Loading...

XML

Word

Printable

Details

Type: Bug
Resolution: Fixed
Priority: Critical
Fix Version/s: 2.0
Affects Version/s: 2.0
Component/s: XDCR
Security Level: Public
Labels:
None
Environment:
2.0-1856
Bidirectional replication
1024 vbuckets
EC2 centos

Description

Setup a bidirectional replication between two 8:8 clusters on bucket b1.
Setup a small front end load on cluster1 and cluster2 , 4K op/sec and 6K ops/sec.
[Load contains creates, updates, deletes]

For the first 40M items, the replication is working as expected, the replication lag is small.

Delete the replication from cluster2 to cluster1, recreate the replication.
[ Expected behaviour - Stop/Start replication.]
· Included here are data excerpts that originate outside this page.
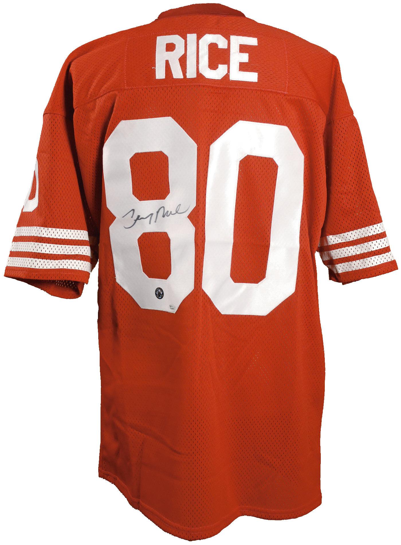 Replica San Francisco 49ers football jersey, with sewn-on letters and numbers, signed in black felt tip on the number on the back. In very fine condition.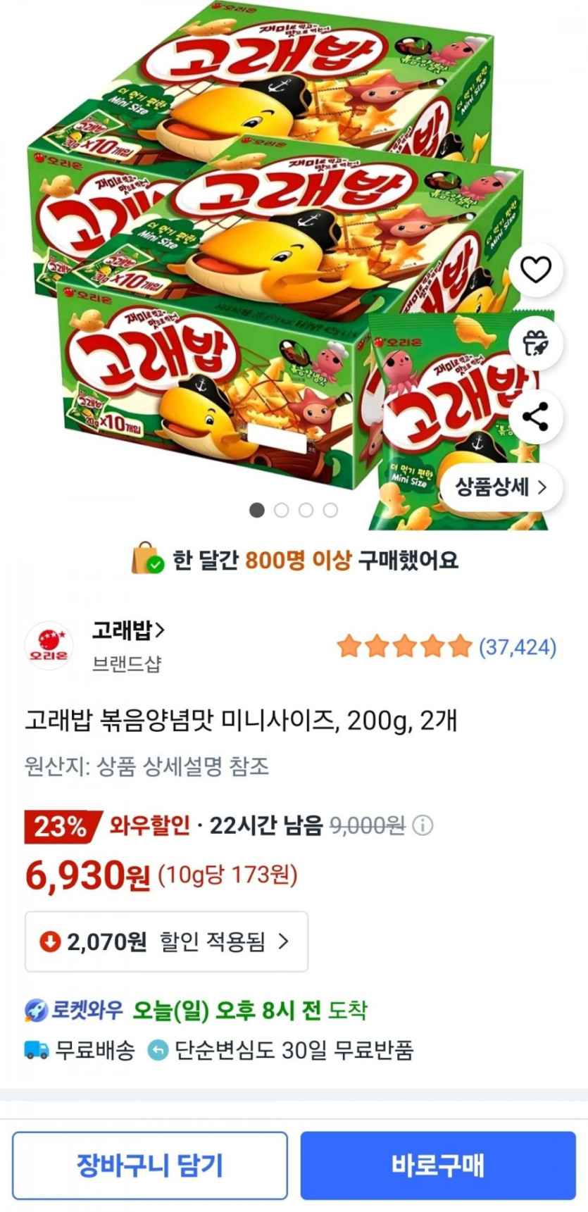 [쿠팡와우]고래밥 볶음양념맛 미니사이즈 200g 2개 (6,930원/무배) 작성자 정보 사랑이 작성 작성일 2025.06.22 08:32 컨텐츠 정보 15 조회 목록 본문 구매링크는 제휴 링크로 전환될 수 있으며, 이를 통해 제휴사로부터 일정비율의 커미션을 지급받습니다. 와우타임세일미니사이즈라 간식용으로 좋아요총 20개 https://link.coupang.com/a/cAx6e8 관련자료 이전 [롯데온]구로시장 다미랑떡볶이 4팩(신라면맵기) (11,900원/무료) 작성일 2025.06.22 08:49 다음 [11번가]리엔 흑모비책골드 염색약 90g 4개 (10,900원 / 무료배송) 작성일 2025.06.22 07:10 댓글 0 등록된 댓글이 없습니다. 로그인한 회원만 댓글 등록이 가능합니다. 목록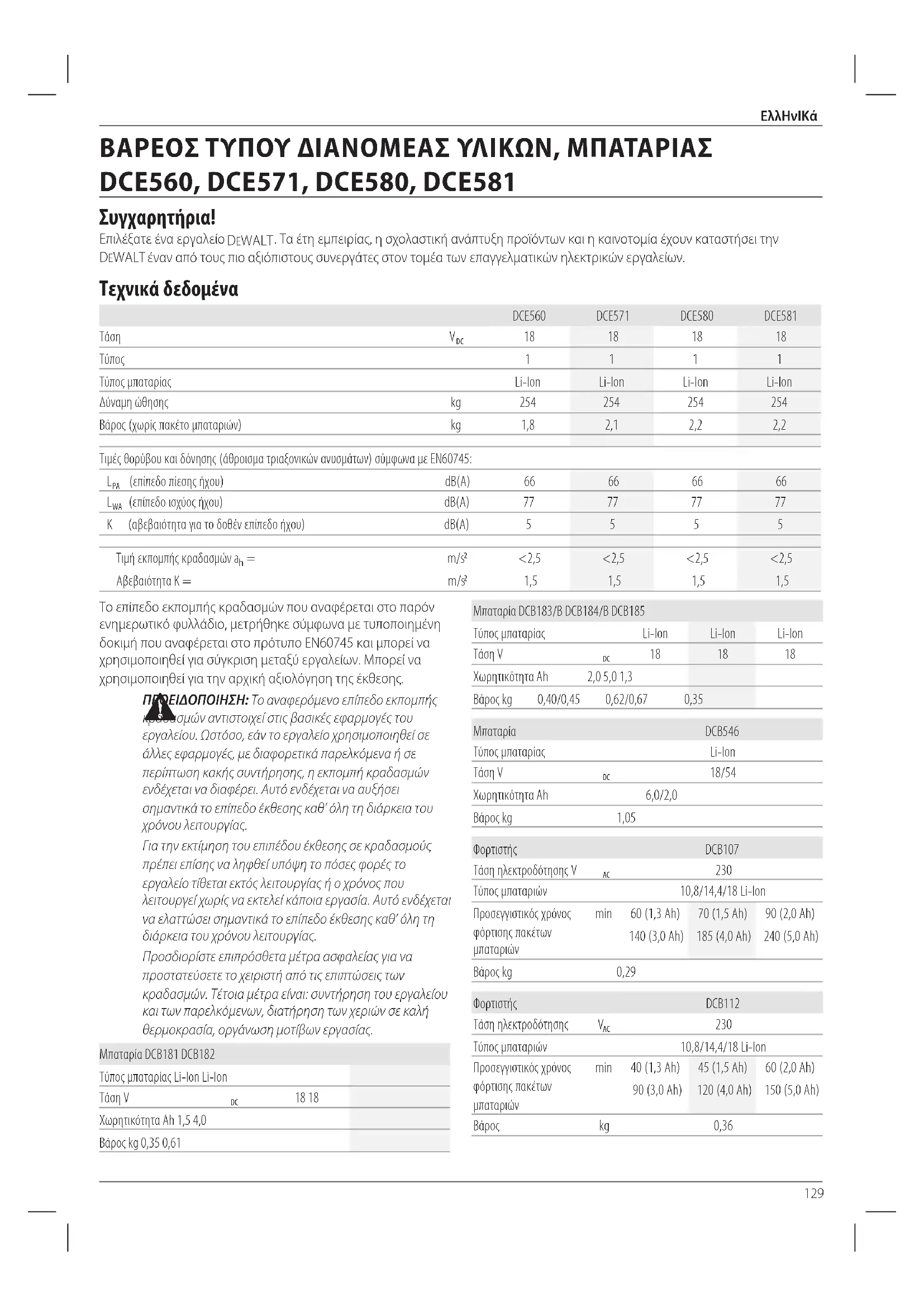 ΠΡΟΕΙΔΟΠΟΙΗΣΗ: Το αναφερόμενο επίπεδο εκπομπής κραδασμών αντιστοιχεί στις βασικές εφαρμογές του εργαλείου. Ωστόσο, εάν το εργαλείο χρησιμοποιηθεί σε άλλες εφαρμογές, με διαφορετικά παρελκόμενα ή σε περίπτωση κακής συντήρησης, η εκπομπή κραδασμών ενδέχεται να διαφέρει. Αυτό ενδέχεται να αυξήσει σημαντικά το επίπεδο έκθεσης καθ’ όλη τη διάρκεια του χρόνουλειτουργίας. Για την εκτίμηση του επιπέδου έκθεσης σε κραδασμούς πρέπει επίσης να ληφθεί υπόψη το πόσες φορές το εργαλείο τίθεται εκτός λειτουργίας ή ο χρόνος που λειτουργεί χωρίς να εκτελεί κάποια εργασία. Αυτό ενδέχεται να ελαττώσει σημαντικά το επίπεδο έκθεσης καθ’ όλη τη διάρκεια του χρόνουλειτουργίας. Προσδιορίστε επιπρόσθετα μέτρα ασφαλείας για να προστατεύσετε το χειριστή από τις επιπτώσεις των κραδασμών. Τέτοια μέτρα είναι: συντήρηση του εργαλείου και των παρελκόμενων, διατήρηση των χεριών σε καλή θερμοκρασία, οργάνωση μοτίβωνεργασίας. Μπαταρία DCB181 DCB182 Τύπος μπαταρίας Li-Ion Li-Ion Τάση V

We expect that XDC will stop/start replication with the above step.
The last committed checkpoint will be checked and replication will continue from the last commited checkpoint.

Noticing a huge number of gets ~ 30K ops/sec and fewer sets - 2-3k ops/sec on the other cluster.
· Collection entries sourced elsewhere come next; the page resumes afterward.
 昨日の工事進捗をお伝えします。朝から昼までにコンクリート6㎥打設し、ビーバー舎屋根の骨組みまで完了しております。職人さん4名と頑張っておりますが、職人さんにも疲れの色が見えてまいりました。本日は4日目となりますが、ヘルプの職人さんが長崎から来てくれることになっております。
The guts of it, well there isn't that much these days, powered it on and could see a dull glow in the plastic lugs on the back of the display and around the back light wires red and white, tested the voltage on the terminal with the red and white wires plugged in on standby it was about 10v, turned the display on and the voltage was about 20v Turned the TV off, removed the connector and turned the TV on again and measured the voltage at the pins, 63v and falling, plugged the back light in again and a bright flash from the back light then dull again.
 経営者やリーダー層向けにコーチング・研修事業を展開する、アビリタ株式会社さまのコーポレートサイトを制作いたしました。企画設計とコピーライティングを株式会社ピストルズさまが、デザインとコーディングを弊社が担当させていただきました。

-The XDC queue is continuously growing, from < 500k to nearly 7M over a period of 2-3 hours.

Seeing continous checkpoint_failures on both the XDC queues.

The Disk write queue on cluster1, is high ~ 2-3M. The drain rate however is fairly small ~ 30K.

The items are not drained fast enough and the disk-write-queue is getting filled up faster.

Adding screenshots from both the clusters.

The default values currently are -
XDCR_CHECKPOINT_INTERVAL:300
XDCR_CAPI_CHECKPOINT_TIMEOUT:10

@Junyi: I ve stopped the front end load on both the clusters now and I have passed on the cluster access.
Let me know if you need additional information.